> _WHAT TO PRODUCE_:
Starting at the line holding "Figure 3: Finish" and finishing at the line holding "Great Grey Owl, Lapland", transcribe the material exactly, keeping both ends but no pictures.

[MATERIAL PROVIDED Boundary: Start]

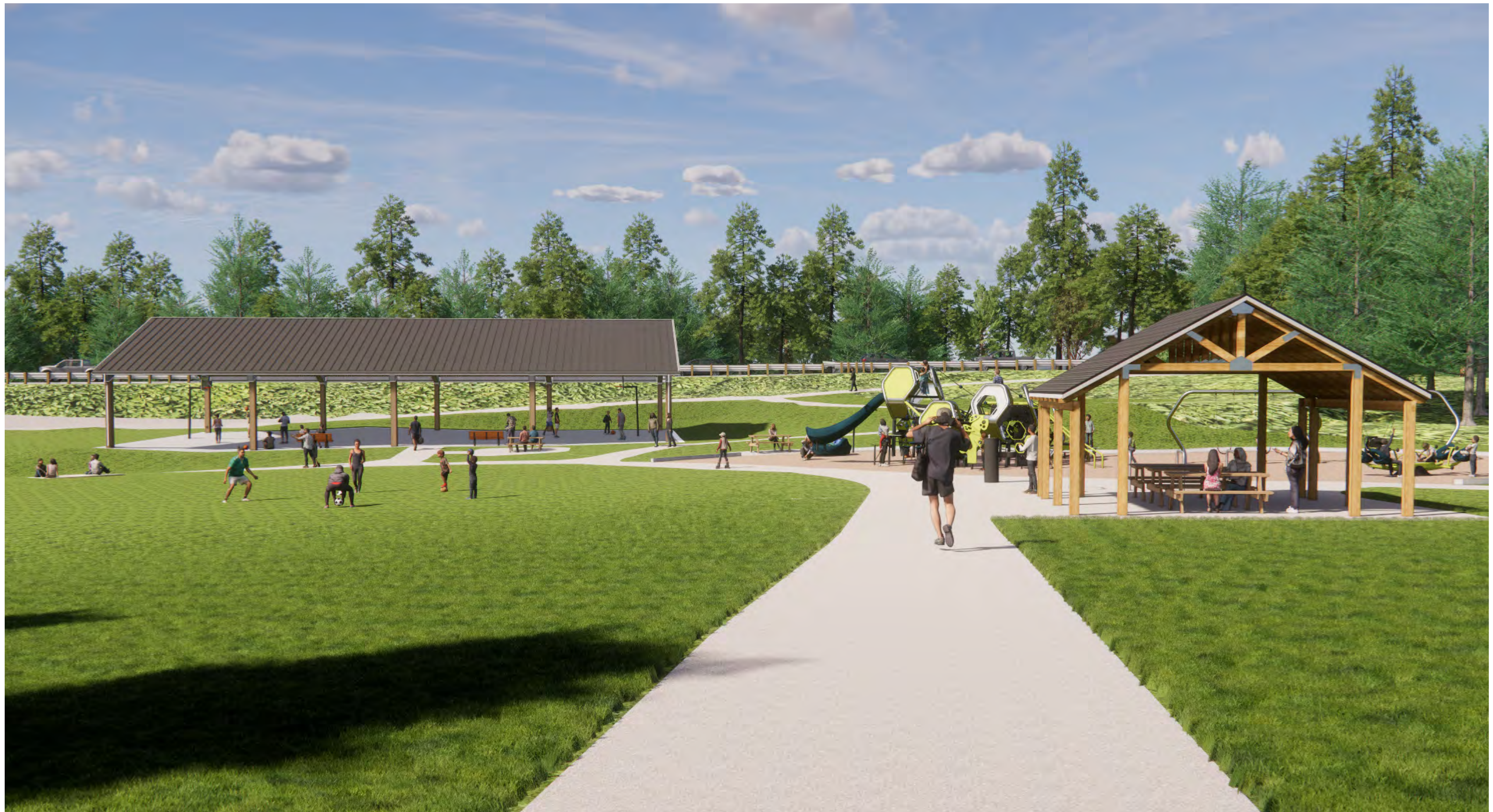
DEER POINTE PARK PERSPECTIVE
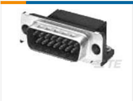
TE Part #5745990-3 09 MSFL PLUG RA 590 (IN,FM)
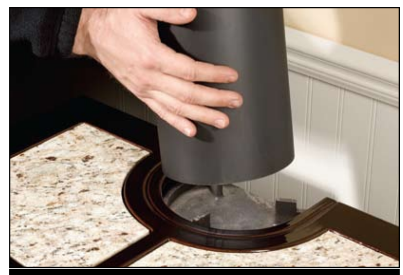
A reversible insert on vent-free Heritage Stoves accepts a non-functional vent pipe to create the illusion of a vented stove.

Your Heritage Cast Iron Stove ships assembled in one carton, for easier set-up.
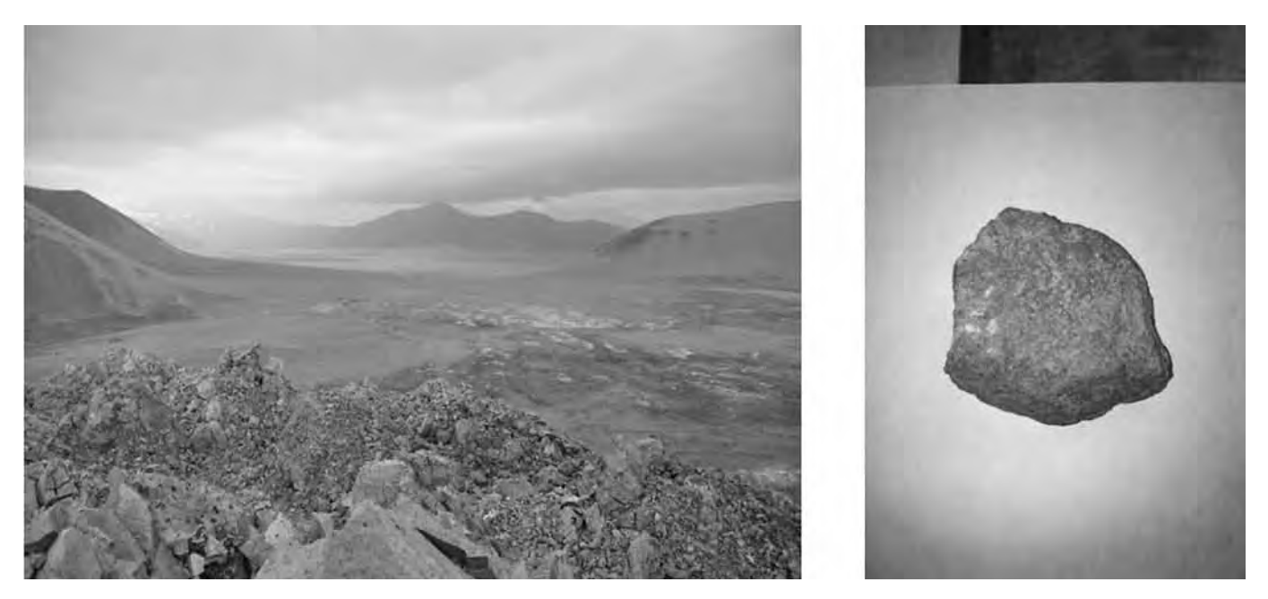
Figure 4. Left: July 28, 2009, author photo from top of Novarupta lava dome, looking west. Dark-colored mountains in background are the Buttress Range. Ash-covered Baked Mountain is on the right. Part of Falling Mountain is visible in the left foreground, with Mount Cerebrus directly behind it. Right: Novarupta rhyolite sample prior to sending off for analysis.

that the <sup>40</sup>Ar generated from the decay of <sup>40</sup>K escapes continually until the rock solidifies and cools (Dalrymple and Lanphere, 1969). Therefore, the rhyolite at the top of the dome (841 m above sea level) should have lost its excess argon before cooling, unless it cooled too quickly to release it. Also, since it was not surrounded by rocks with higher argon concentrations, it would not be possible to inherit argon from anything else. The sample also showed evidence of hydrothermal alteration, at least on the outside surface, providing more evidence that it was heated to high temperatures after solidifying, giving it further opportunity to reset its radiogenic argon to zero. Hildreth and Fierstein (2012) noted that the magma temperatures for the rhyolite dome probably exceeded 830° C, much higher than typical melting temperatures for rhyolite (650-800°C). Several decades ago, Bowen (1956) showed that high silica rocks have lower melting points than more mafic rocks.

[MATERIAL PROVIDED Boundary: End]
[MATERIAL PROVIDED Boundary: Start]

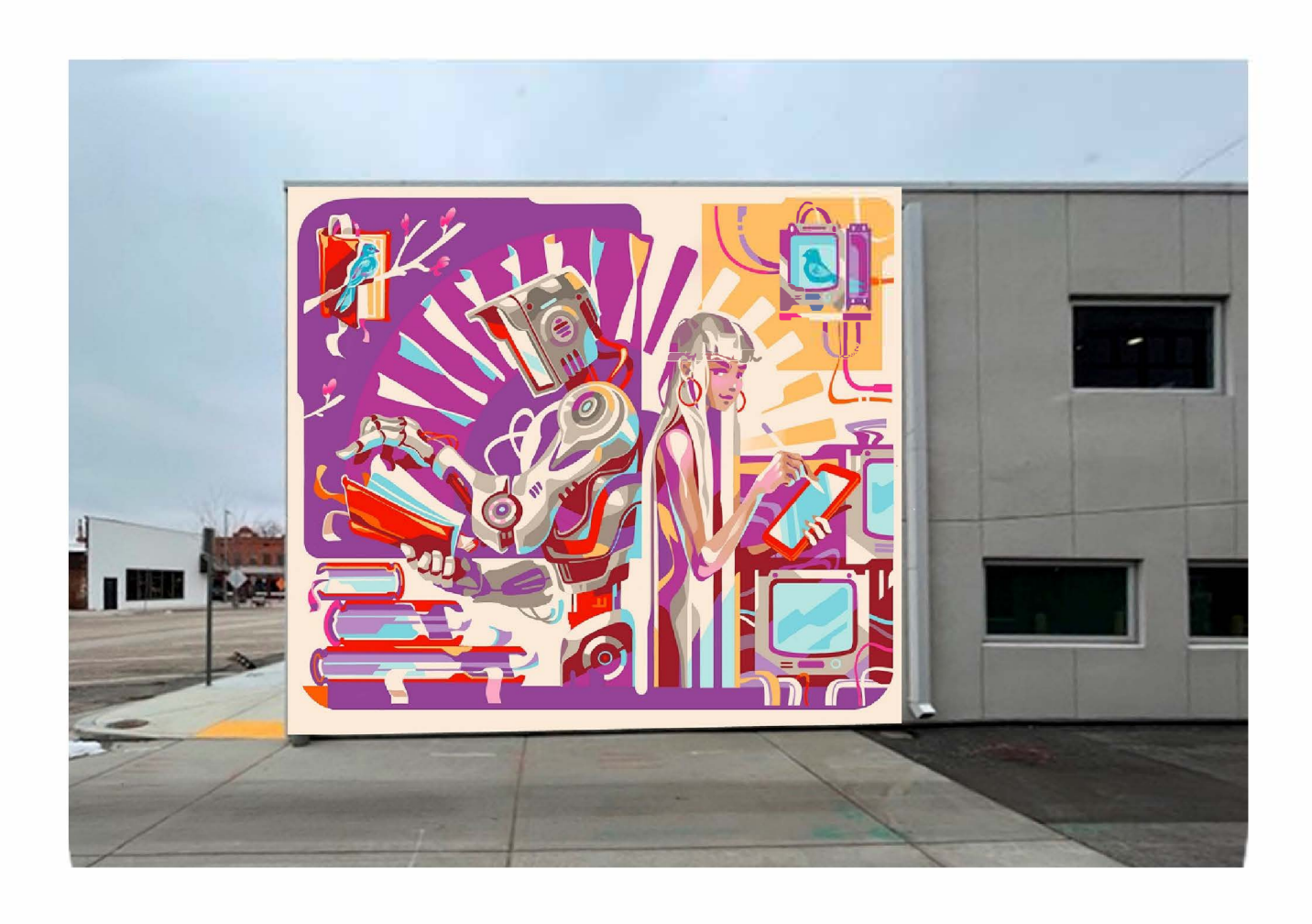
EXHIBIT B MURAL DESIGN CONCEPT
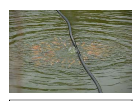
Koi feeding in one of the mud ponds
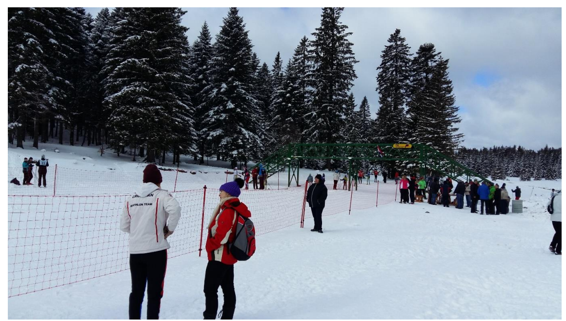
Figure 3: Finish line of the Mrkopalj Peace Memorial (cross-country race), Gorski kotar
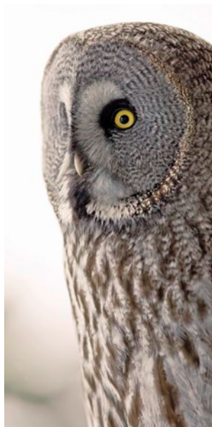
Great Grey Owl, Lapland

[MATERIAL PROVIDED Boundary: End]

> _WRITTEN SOLUTION_:
Figure 3: Finish line of the Mrkopalj Peace Memorial (cross-country race), Gorski kotar
Great Grey Owl, Lapland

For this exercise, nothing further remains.